Nor does it help to say: “We are all responsible” for these system-based ills that we are all to blame for them. “We”xiii are not all to blame, at least not in anything like equal measure, and ignoring that fact is both wrong and counter –productive in dealing with the issues. There are specific interests , specific groups, perhaps classes, perhaps the 1% or the .1%, that stand behind the institutions needing change that block that change, block reform. Ignoring their identity undercuts the process of dealing with those who are in fact responsible and to blame for the problem: Their identities are not obscure: the anti—regulators, the low-wage employers in manufacturing and services, the real estate ghetto builders and maintainers, the politicians still seeing advantage in their bigotry, hedge funds and financial speculators. Yes, “we” certainly need to act to change the system, but to get there we need to hold accountable those that are in fact responsible for it’s being the way it is. Much can be reformed within the existing underlying system, even if it is not easy to do and inevitably will be controversial
4. Formulating Responses: Transformative Goals.
But the system is not God-given, nor a natural beast, but one of a number of alternate systems, which may have their own pros and cons, be variably achievable and sustainable, but can be actively pursued here and now by those ill served by the present system. It may take a revolution to achieve the major changes necessary to go to one or another of the alternatives, but it can be done. Legislatures are likely to be the sites of many of these
battles, and the normal mechanisms of liberal democracy, including particularly the electoral procedures, which would need to be used strategically to the fullest extent possible.
“Transformative” is a useful term for the kinds of demands and approaches that bridge the need to deal with all three levels of responsibility outlined above.xiv Two complementary avenues might be envisioned: one pursuing loaded reforms, the other exemplary reforms.
Loaded reforms address directly individual perpetrators and social institutions but stressing their connection with the underlying causes and pointing in the direction of change, pointing out causes, exposing, not only what is happening but why it is happening, who the actors are for and against, what the lines of struggle ultimately are, just who the 1% are, what power they hold and how they benefit from the system, who the 99% are and how they suffer from it. Their hallmarks are seeking the immediately feasible within the system but naming the obstacles to real success: the remaining inequalities and the long-orange systemic alternatives that are ultimately needed for real success.
Such reforms are loaded in the sense that they acknowledge their own limitation, at the same time pointing to the further changes that would be required for substantial structural change.

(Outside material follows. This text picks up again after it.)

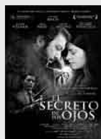
PRESENCIA LATINA. "El secreto de sus ojos" de Campanella.

Y lo hace con la apelación de lo universal, de una fábula enraizada en un lugar y época muy precisos, pero capaz de movilizar sentimientos compartidos por muchos. La historia de Fausta (Magaly Solier), personaje principal de la cinta, es la de una joven que busca superar su ligazón a un miedo ancestral, a una violencia heredada, a un trauma del pasado, para poder florecer, abrirse a nuevas posibilidades de vida y encontrar su sexualidad. Su tra-

In the shootings of African-Americans by police, reforms in the training of police, in the punishment of offenders, in the availability of guns, etc; but reforms acknowledging that poverty, frustration, misunderstood but real grievances, a search for security as well as safety in the system as a whole, are causes of the police actions and the judicial systems responses that also need to be addressed.
Exemplary reforms bring into existence relationships among individuals and groups , patterns of organization and doing business, rules of behaviour, that pre-figure within the existing system possibilities that can only be fully developed beyond it, but can have real if limited impact within it. Projects such as worker-owned cooperatives, community land trusts, radical educational offerings, participatory budgeting, will not produce structural change by themselves, but will show that real alternatives are available to existing structures and behaviours.
Again, in the police treatment of minorities, projects such as community control of the piece, Planned diversity in housing, full citizenship rights for all residents, are examples that can support movements for more wide-spread and deeper extensions of such approaches.
Blaming “the system,” without naming it, without going beyond addressing individual ills as isolated unrelated problems, will not do. It will not go far to address underlying social issues. Seeing who is responsible for social ills, who benefits from their existence, what institutions need change, are all necessary, and beyond that, pressing for solutions that are transformative, policies that are loaded progressively and exemplary in reality, are needed.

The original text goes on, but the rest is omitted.